Hello all.  I am familiar with flushing using FoxFarm Sledgehammer.  However, there is something I have always wondered:  Once the flush is complete, can I or should I add nutrients right after the flush, or wait a day or so to add them?


----------



## Hushpuppy

I think that really depends on whether you are in soil of soilless or hydro. In hydro, I add back nutrients immediately after flushing. I would think the same can be done in soilless, but in organic/natural soil, its probably best to wait a couple days and allow the soil to dry some before going back with nutes as that adds more water that has to be removed for the roots to breathe.


----------



## wordwar-ingreenink

I personally would wait til the next watering/feeding. You can let her ride out on just water she'll be fine.


----------



## Rosebud

I don't flush, but why would you flush and then use nutes? I am organic dirt but even when i used bottled stuff (organic) i never flushed...


----------



## Hushpuppy

It depends on why you flushed in the first place. I should've asked that to start. If you are flushing because you have a problem in your medium that is damaging the plants, then you will flush and allow the plants to rest for a few days to recover from whatever was in the medium that was causing the issue.
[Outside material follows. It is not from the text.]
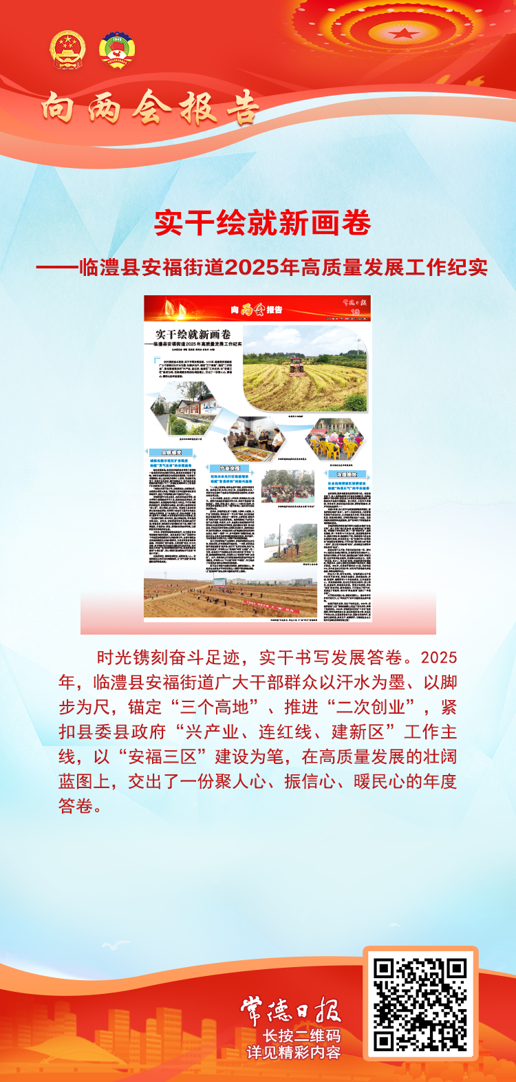 征程万里风正劲,重任千钧再出发。2025年,安福街道在“三区”建设的道路上迈出了坚实步伐、取得了显著成效。2026年,安福街道将紧扣“十五五”发展规划,秉持夺旗领跑之志、鼓足攻坚克难之劲、拿出实干争先之效,以更加昂扬的斗志、更加务实的作风、更加有力的举措,真抓实干、砥砺前行,为建设社会主义现代化新临澧贡献安福力量!

If you are doing preventative flushing to clean the medium of buildup to prevent future problems, then you can go right back with nutrients (unless you are in natural soil). If you are growing "organic" then you shouldn't have to ever flush your medium unless you have some really serious problems.


----------



## The Hemp Goddess

I have never really understood flushing unless you have a problem.  So, like the others, I am wondering why you are flushing your plants?


----------



## pcduck

There are 2 reasons to flush.
1. Grower error.
2. Makes more money for nute companies.


----------



## tcbud

pcduck said:


> There are 2 reasons to flush.
> 1. Grower error.
> 2. Makes more money for nute companies.


 Agree


----------



## Rosebud

Duck, that is what i was trying to get at.  Thank you for your succinctness.


----------